Шумная, обычно раздевалка, приумолкла. Мужики тихо прикончили принесённые с собой припасы и быстро разошлись по домам. А я долго ещё сидел, пил водку, и не пьянел. Думал о судьбе этих двоих стариков. Ивана, да Марьи.
Ноябрь, декабрь и январь пролетели незаметно в командировках. И вот, в начале февраля,
закончив, наконец, все дела, я с нетерпеньем дождался очередной субботы и с наслаждением раскинулся на полке, орошаемый градом ударов хорошо распаренного берёзового веничка. Потом, приняв душ, прошёл в раздевалку, достал запотевшую бутылку «Пшеничной», закуску,
и огляделся, выискивая знакомых. Таковые сразу нашлись, и за стопочкой потянулся обычный «банный трёп». Я, вдруг вспомнил тот наш разговор с дедом Иваном и спросил, не видел ли,
кто его сегодня.
- Нет Ивана Григорьевича больше, - ответил сосед. – Помер дед, царство ему небесное.
В начале декабря жена у него умерла. Так ведь сам ей могилу выкопал. Один. Вот старик!
Я представил себе одинокую фигуру Ивана Григорьевича, работающего на заснеженном кладбище, и почему-то подумал, что у него в тот момент и рукавиц-то на руках не было. И валенки его вспомнил и шапчонку. Ясно так всё себе представил, до холодного озноба, что выпил, не закусывая, чтоб быстрее согреться.
- А в начале декабря прижимало-то, дай Бог! – заметил кто-то, из сидевших рядом.
- Да, уж холода стояли, не приведи Господь, - продолжал сосед. – Какой старик! Крепкий был,
не свернёшь. Потом и сороковины ей справил. Всё, как у людей сделал. И всё один.

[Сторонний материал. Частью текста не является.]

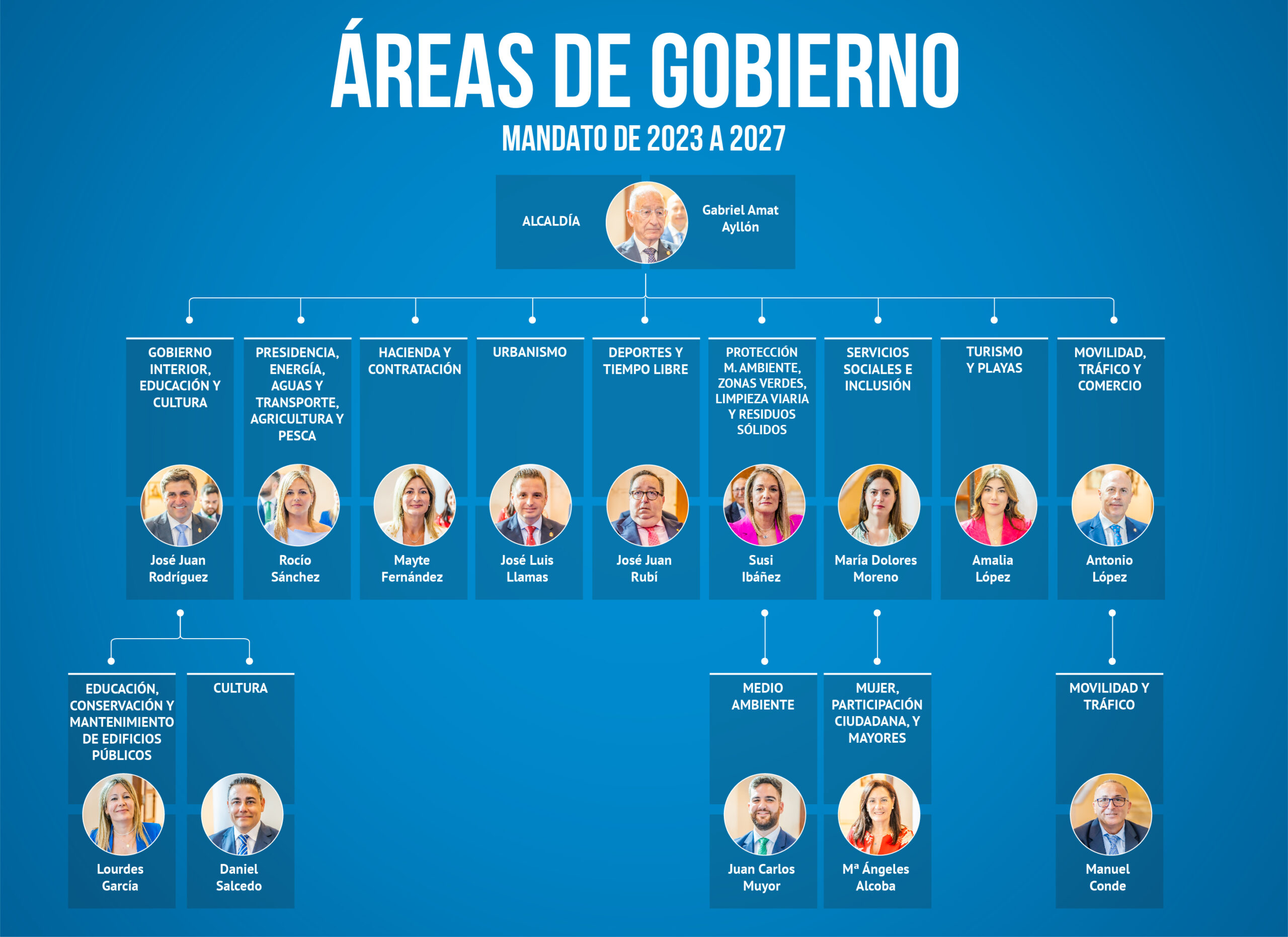 De esta forma, el Gobierno Local estará conformado por nueve delegaciones genéricas que abarcan tres ámbitos de gestión que se unifican en torno a distintas funciones, la administración, la planificación y los servicios a los ciudadanos.

А после сороковин-то неделю всего и протянул. Соседка сказывала, сидел, всё в окно глядел, да курил. Она ему чай приносила, - пил. А есть, ничего не ел. Всё у окна сидел. За неделю сгорел. Вот так.
- А, как же похороны, - спросил я, совершенно растроенный, - Кто его похоронил?
- Да мы и похоронили, - ответил сосед и оглядел сидящих.
- Спасибо Вам, мужики, - только и смог произнести я.
- Давайте помянем, - предложил сосед. Все молча налили.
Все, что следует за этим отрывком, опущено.